((
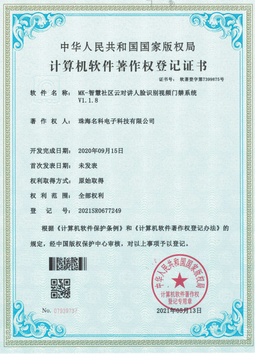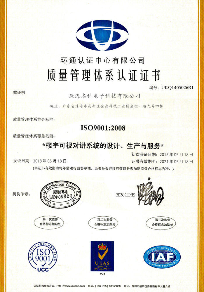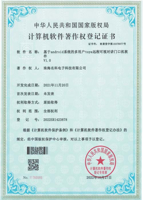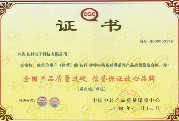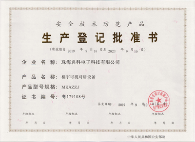 樓宇對講-生產(chǎn)登記批準(zhǔn)書
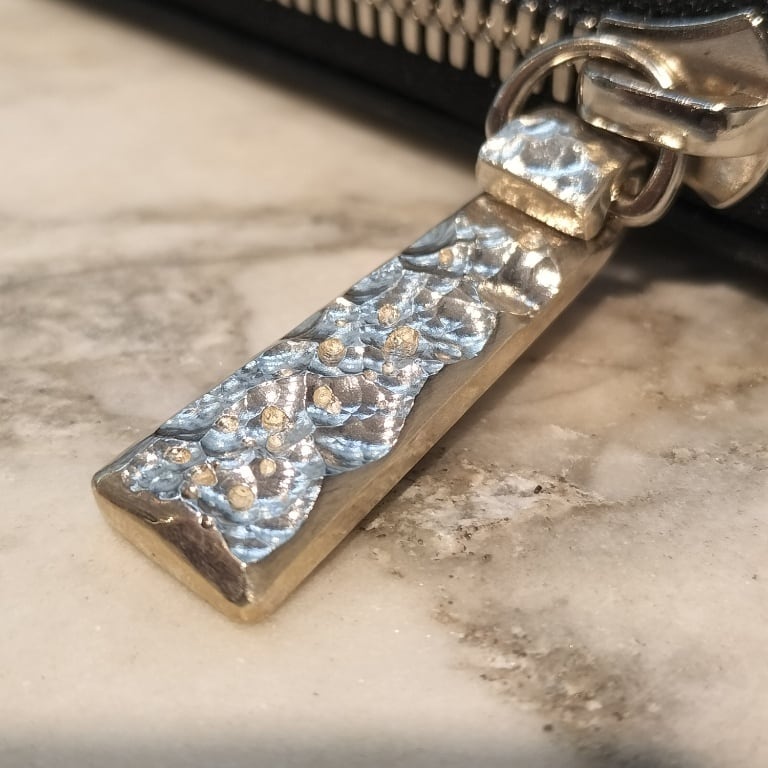 こちらはファスナーの引手『Crush Hammer Silver925 Puller C』を装着した商品となります。
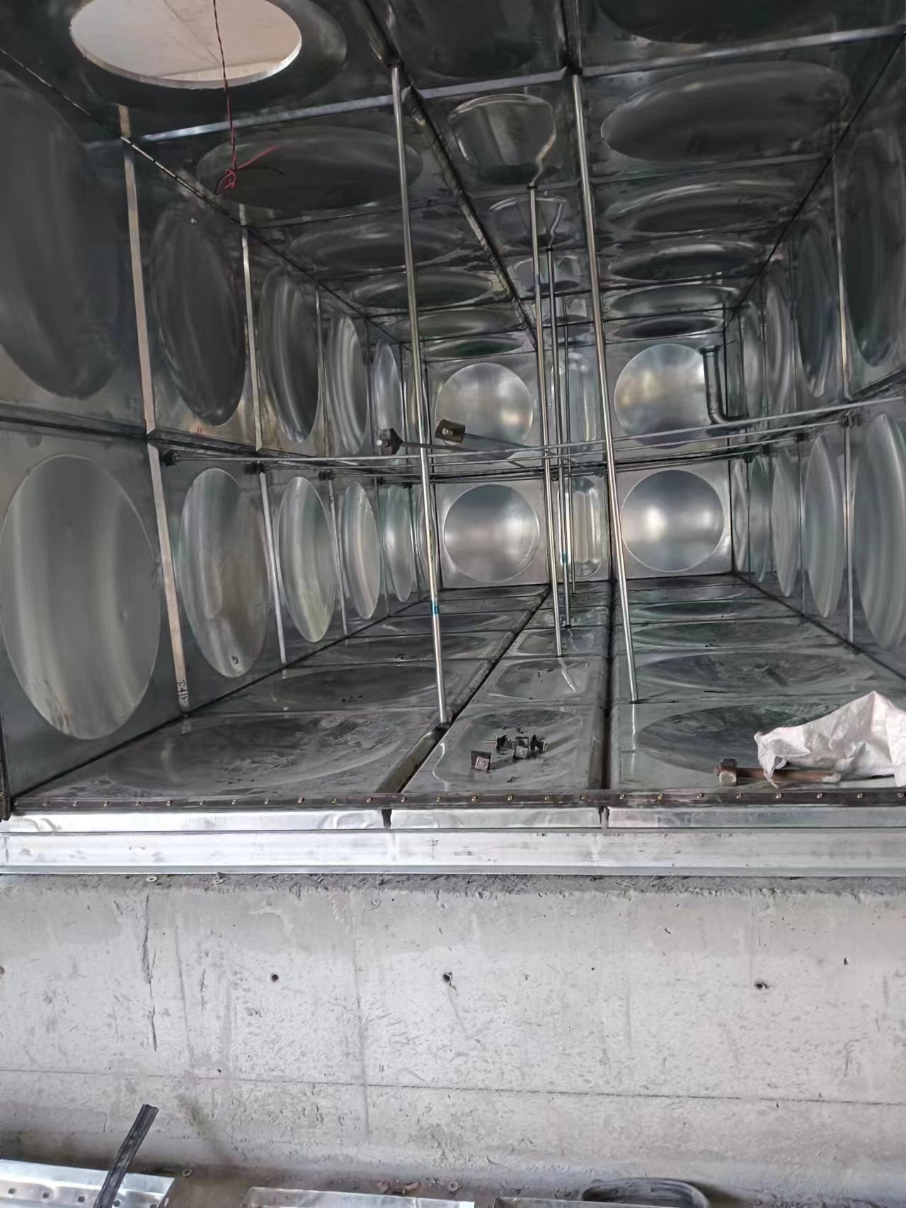我司承接的山東淄博福源泰有限公司年產20萬方新型高回彈聚氨酯新材料及智慧型寢具技改項目30立方鍍鋅鋼板保溫水箱已經安裝試水完成。水箱位于室內,采用的是5公分橡塑鋁箔布保溫。
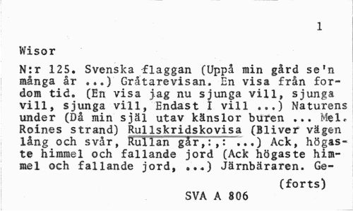 //// 1 //// Wisor //// N:r 125. Svenska flaggan (Uppå min gård se'n många år ...) Gråtarevisan. En visa från fordom tid. (En visa jag nu sjunga vill, sjunga vill, sjunga vill, Endast I vill ...) Naturens under (Då min själ utav känslor buren ... Mel, Roines strand) Rullskridskovisa (Bliver vägen lång och svår, Rullan går,:,: ...) Ack, högaste himmel och fallande jord (Ack högaste himmel och fallande jord, »..) Järnbäraren. Ge- //// (forts) //// SVA A 806 ////
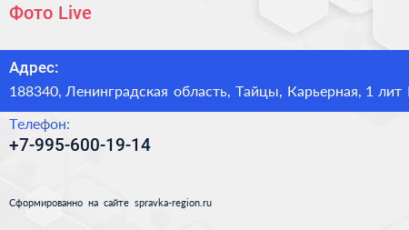Фото-Live по адресу 188340, Ленинградская область, Тайцы, Карьерная, 1 лит П в дальнейшем Организация, размещена в следующих категориях:
))
### YOUR INSTRUCTIONS
Output exactly the lines from the line containing "こちらはファスナーの引手『Crush Hammer Silver925" through the last line of the records, both included, and leave out every picture.

### EXERCISE OUTPUT
 こちらはファスナーの引手『Crush Hammer Silver925 Puller C』を装着した商品となります。
我司承接的山東淄博福源泰有限公司年產20萬方新型高回彈聚氨酯新材料及智慧型寢具技改項目30立方鍍鋅鋼板保溫水箱已經安裝試水完成。水箱位于室內,采用的是5公分橡塑鋁箔布保溫。
 //// 1 //// Wisor //// N:r 125. Svenska flaggan (Uppå min gård se'n många år ...) Gråtarevisan. En visa från fordom tid. (En visa jag nu sjunga vill, sjunga vill, sjunga vill, Endast I vill ...) Naturens under (Då min själ utav känslor buren ... Mel, Roines strand) Rullskridskovisa (Bliver vägen lång och svår, Rullan går,:,: ...) Ack, högaste himmel och fallande jord (Ack högaste himmel och fallande jord, »..) Järnbäraren. Ge- //// (forts) //// SVA A 806 ////
Фото-Live по адресу 188340, Ленинградская область, Тайцы, Карьерная, 1 лит П в дальнейшем Организация, размещена в следующих категориях:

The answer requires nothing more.